Single by Squeeze

from the album Frank
- Released: September 1989 (UK)
- Recorded: ?
- Genre: Pop rock
- Length: 4:02
- Label: A&M
- Songwriters: Glenn Tilbrook and Chris Difford
- Producers: Eric "ET" Thorngren & Glenn Tilbrook

Squeeze singles chronology
| "Footprints" (1988) | "If It's Love" (1989) | "Love Circles" (1990) |

= If It's Love (Squeeze song) =

"If It's Love" is the first single released from Squeeze's eighth album, Frank.
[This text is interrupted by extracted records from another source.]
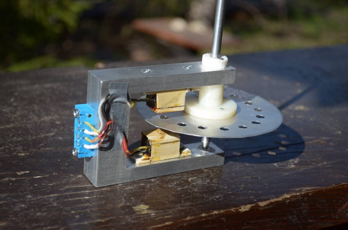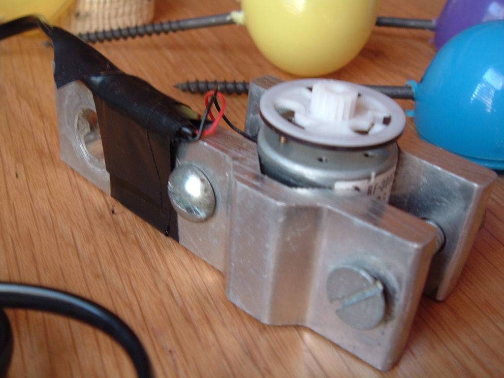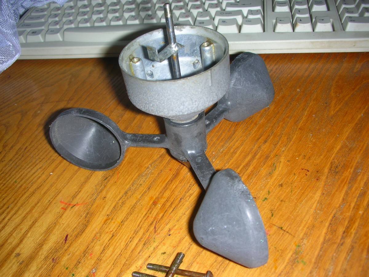 Приложив немного старания и желания, можно смастерить самодельный анемометр в домашних условиях. Для изготовления устройства понадобится старый видеомагнитофон, вернее, его часть называемая блоком вращения головок. Из него надо удалить все лишнее, оставив каркас из металла вращающейся головки с осью, часть с блоком подшипников и шайбу крепящую двигатель. Устройство будет измерять среднюю и сильную скорость ветра.
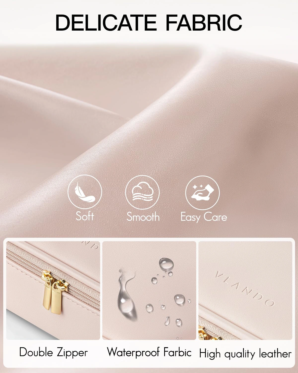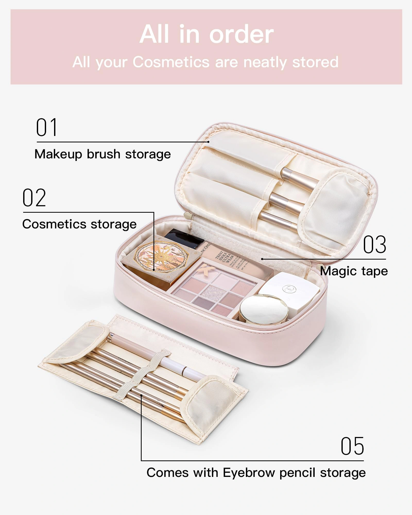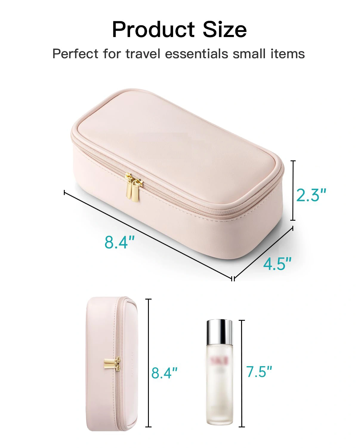 compact travel makeup bag designed for brands, retailers and gifting projects. Premium waterproof PU leather, smooth double zippers, and a smart layout keep essentials neat from desk to carry-on.
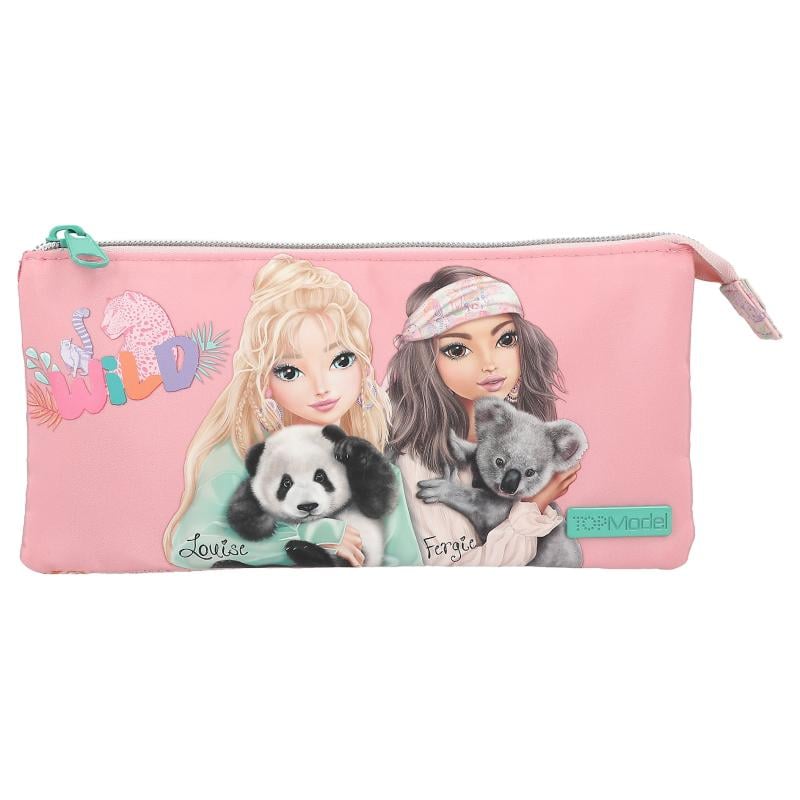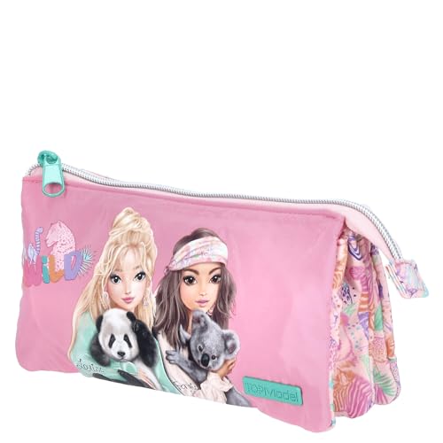 Depesche 12792 TOPModel Wild – fläktslip i rosa, med modellmotiv och färgglatt djurmönster, pennfodral med 3 fack med dragkedja
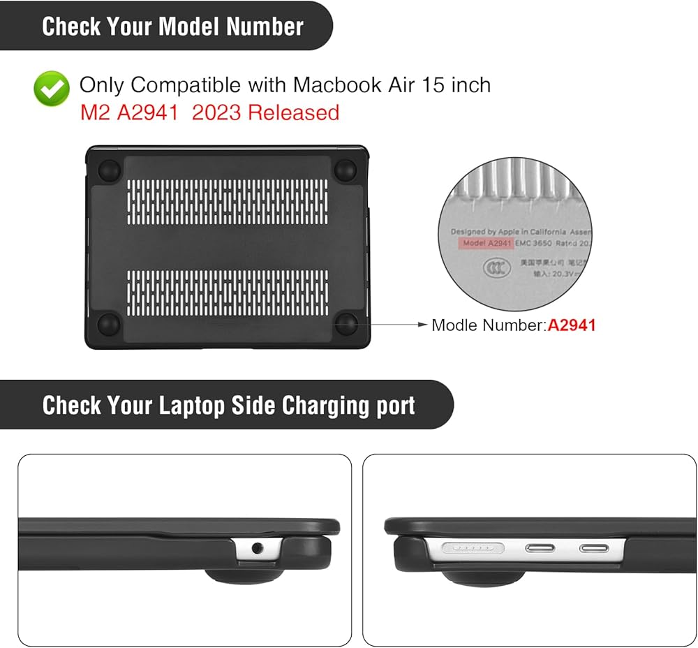 【Check Your Model】ONLY compatible with MacBook Air 15 inch Case 2024 2023 Release M3 M2 A3114 A2941, please kindly check the model number "AXXXX" on the back of the laptop before your purchase.
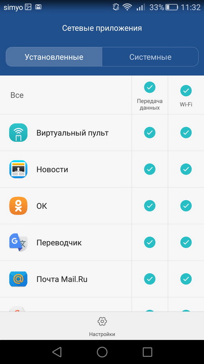 Здесь установлена фирменная оболочка от Huawei - EMUI 3,1. Отдельного окна приложений - нет, все приложения установлены на десктопах.

"If It's Love" started as demo titled "If I'm Dead". Tilbrook recalled, "It was about being dead. It was a completely different song; the tune was the same, but in a very florid, dreamy atmosphere, and the words were about being dead. We demo-ed it for the Babylon and On album, and it wasn't a particularly popular choice with anyone, including ourselves." The band then revisited the song for Frank because Tilbrook "thought that there were possibilities there." Tilbrook concluded, "Chris came up with another lyric for it, and I (redid the demo). So it ended up being a reggae song."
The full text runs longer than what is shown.